__The problem__:
Everything from the line containing "Mobile capabilities are" through the final line below must be output exactly, both ends included, with nothing else and no pictures.

__Information provided__:
>>>>

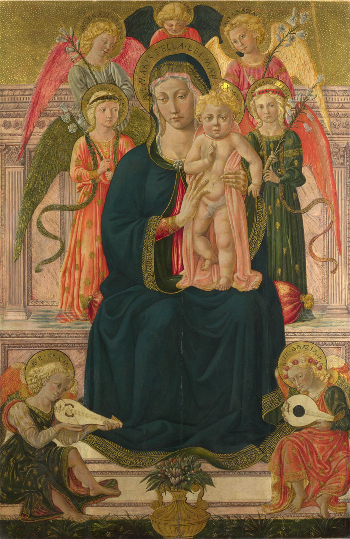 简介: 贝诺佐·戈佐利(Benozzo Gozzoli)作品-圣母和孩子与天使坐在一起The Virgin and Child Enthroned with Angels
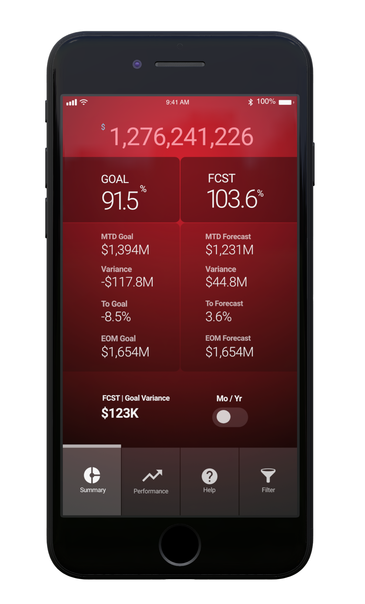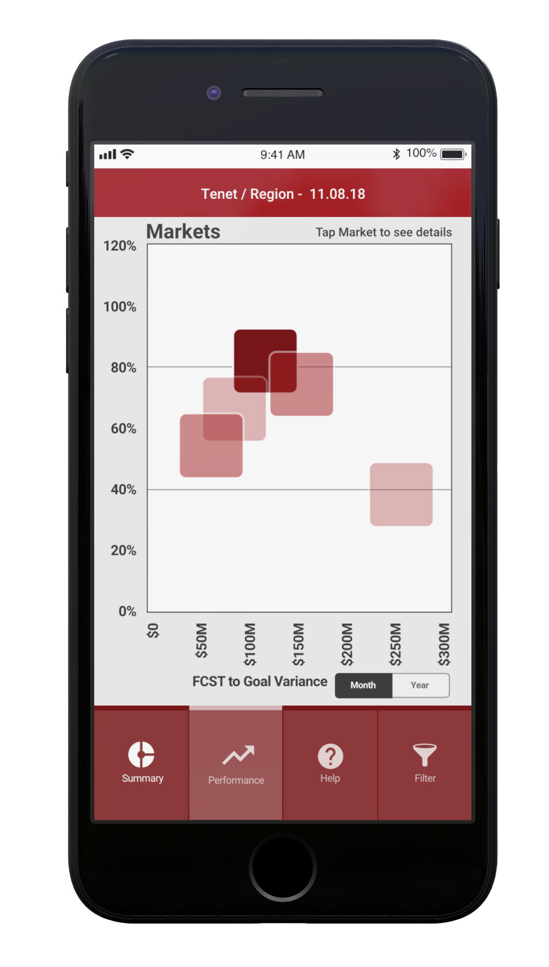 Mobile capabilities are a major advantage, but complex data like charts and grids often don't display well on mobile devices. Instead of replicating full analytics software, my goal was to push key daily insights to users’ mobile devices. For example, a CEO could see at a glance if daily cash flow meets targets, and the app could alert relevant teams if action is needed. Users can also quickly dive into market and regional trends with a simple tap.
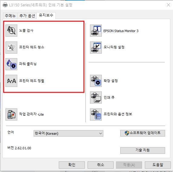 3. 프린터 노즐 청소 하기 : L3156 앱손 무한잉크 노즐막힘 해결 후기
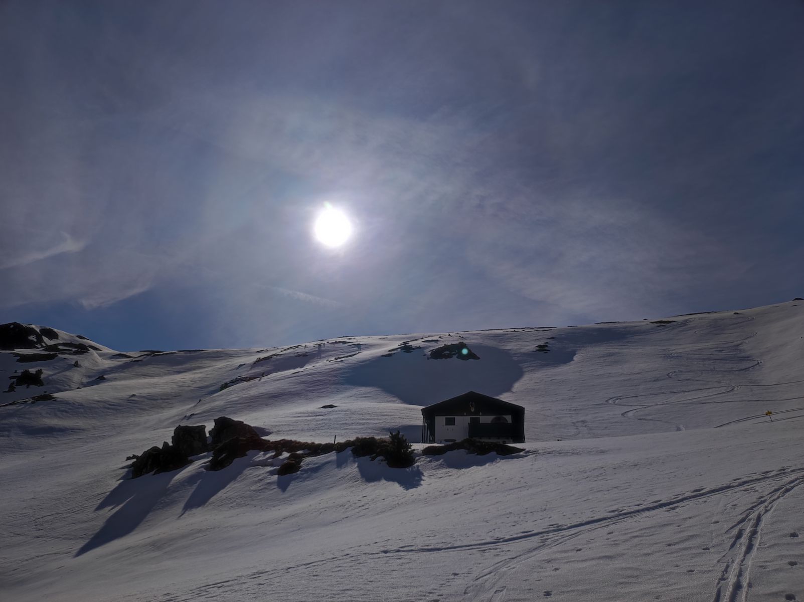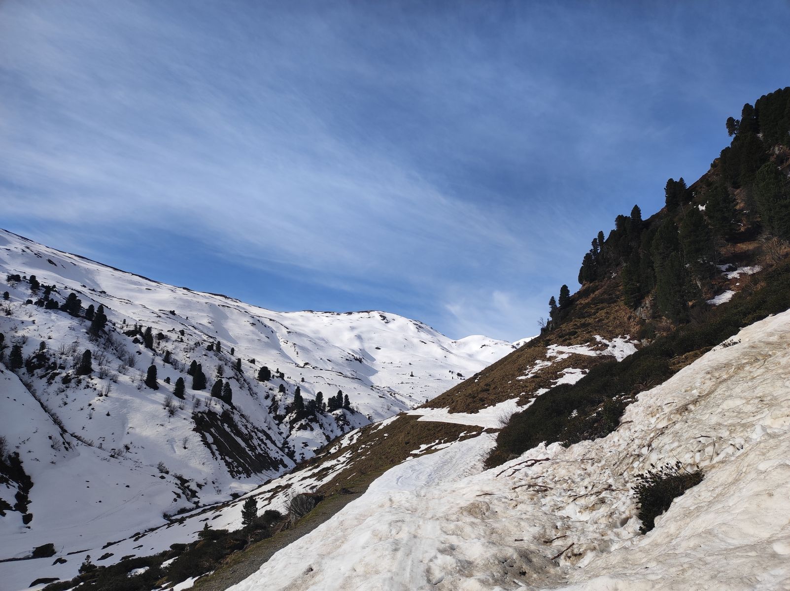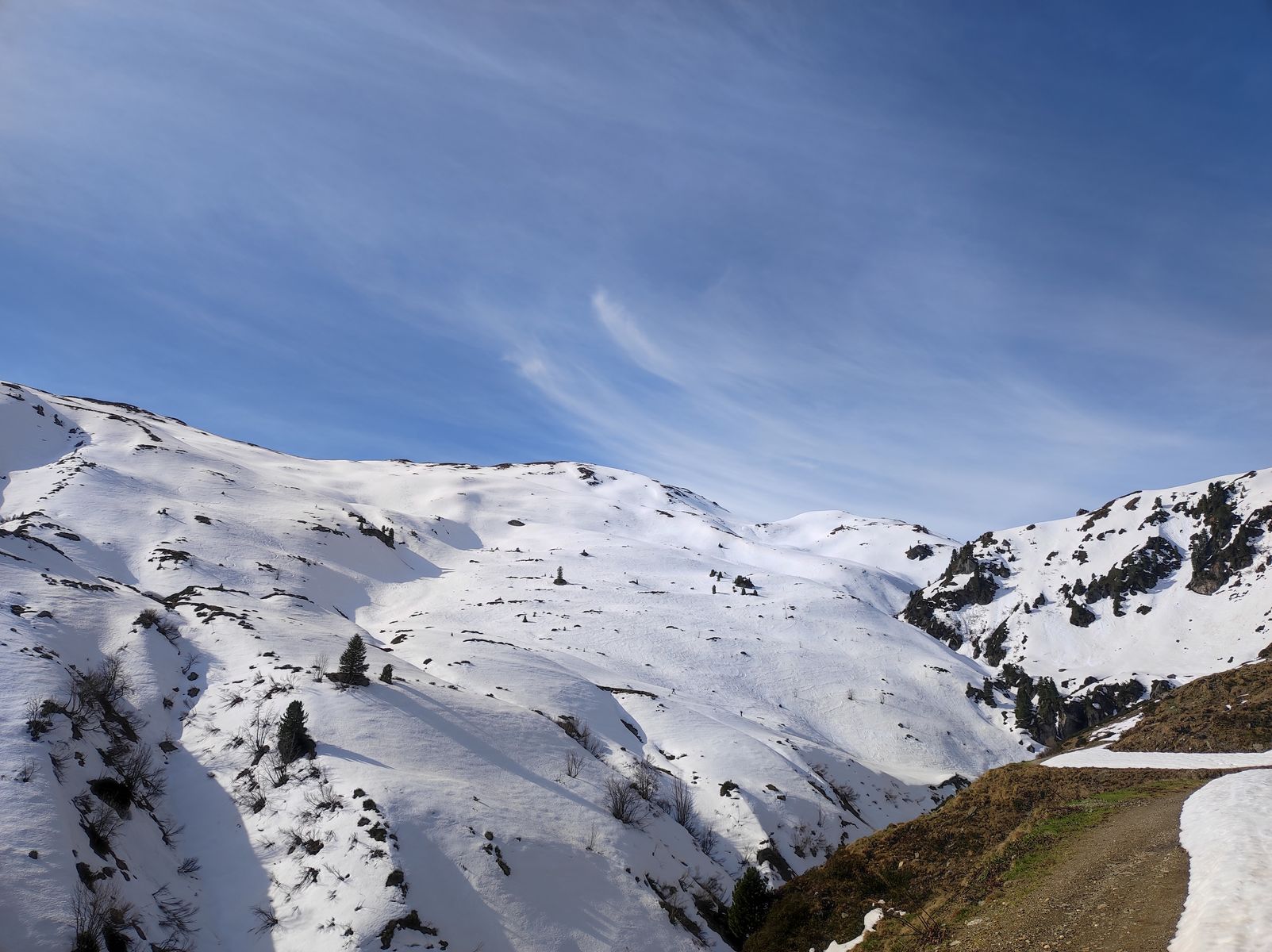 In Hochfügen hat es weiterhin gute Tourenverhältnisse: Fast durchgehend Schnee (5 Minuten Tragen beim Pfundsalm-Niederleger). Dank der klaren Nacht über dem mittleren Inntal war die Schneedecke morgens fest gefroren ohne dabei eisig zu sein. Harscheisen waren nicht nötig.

<<<<

__Task response__:
 Mobile capabilities are a major advantage, but complex data like charts and grids often don't display well on mobile devices. Instead of replicating full analytics software, my goal was to push key daily insights to users’ mobile devices. For example, a CEO could see at a glance if daily cash flow meets targets, and the app could alert relevant teams if action is needed. Users can also quickly dive into market and regional trends with a simple tap.
 3. 프린터 노즐 청소 하기 : L3156 앱손 무한잉크 노즐막힘 해결 후기
 In Hochfügen hat es weiterhin gute Tourenverhältnisse: Fast durchgehend Schnee (5 Minuten Tragen beim Pfundsalm-Niederleger). Dank der klaren Nacht über dem mittleren Inntal war die Schneedecke morgens fest gefroren ohne dabei eisig zu sein. Harscheisen waren nicht nötig.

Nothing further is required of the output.